* Exercise directions: Stop at the line containing "It is a yellow-red-white": write out every line from the beginning of the entries up to and including it, minus the pictures.
Exercise input START
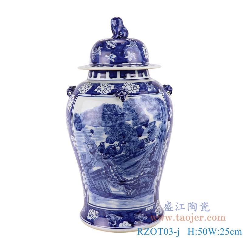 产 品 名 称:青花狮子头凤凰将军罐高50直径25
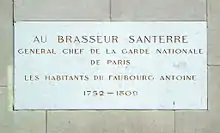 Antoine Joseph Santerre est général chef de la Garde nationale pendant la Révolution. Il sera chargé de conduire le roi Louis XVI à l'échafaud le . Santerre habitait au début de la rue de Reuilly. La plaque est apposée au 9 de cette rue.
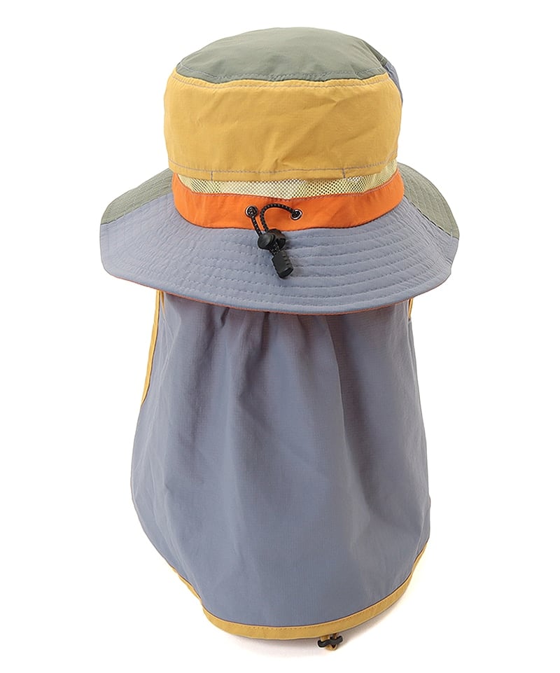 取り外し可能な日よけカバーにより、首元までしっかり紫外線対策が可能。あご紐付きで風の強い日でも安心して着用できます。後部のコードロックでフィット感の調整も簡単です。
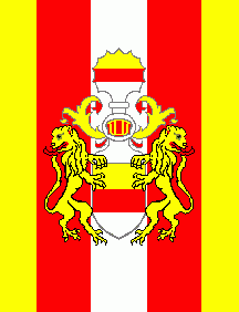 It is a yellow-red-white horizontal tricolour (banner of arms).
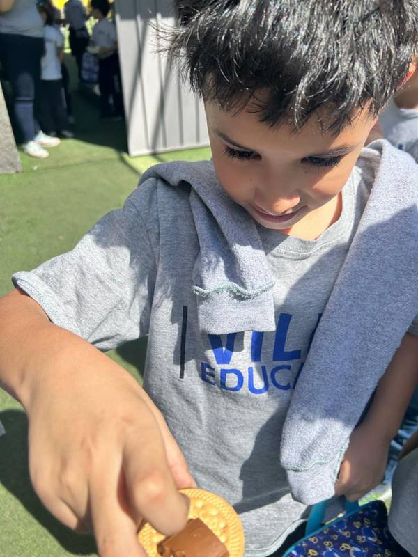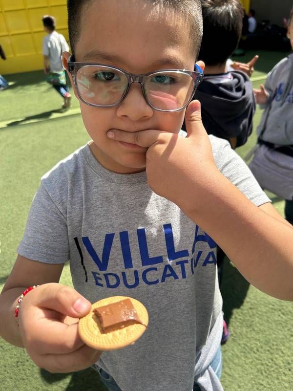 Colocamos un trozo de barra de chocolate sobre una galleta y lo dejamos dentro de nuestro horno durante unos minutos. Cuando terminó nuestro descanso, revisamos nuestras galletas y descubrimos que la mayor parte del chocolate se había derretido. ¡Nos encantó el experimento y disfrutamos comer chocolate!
Exercise input END
* Response to the task:
 产 品 名 称:青花狮子头凤凰将军罐高50直径25
 Antoine Joseph Santerre est général chef de la Garde nationale pendant la Révolution. Il sera chargé de conduire le roi Louis XVI à l'échafaud le . Santerre habitait au début de la rue de Reuilly. La plaque est apposée au 9 de cette rue.
 取り外し可能な日よけカバーにより、首元までしっかり紫外線対策が可能。あご紐付きで風の強い日でも安心して着用できます。後部のコードロックでフィット感の調整も簡単です。
 It is a yellow-red-white horizontal tricolour (banner of arms).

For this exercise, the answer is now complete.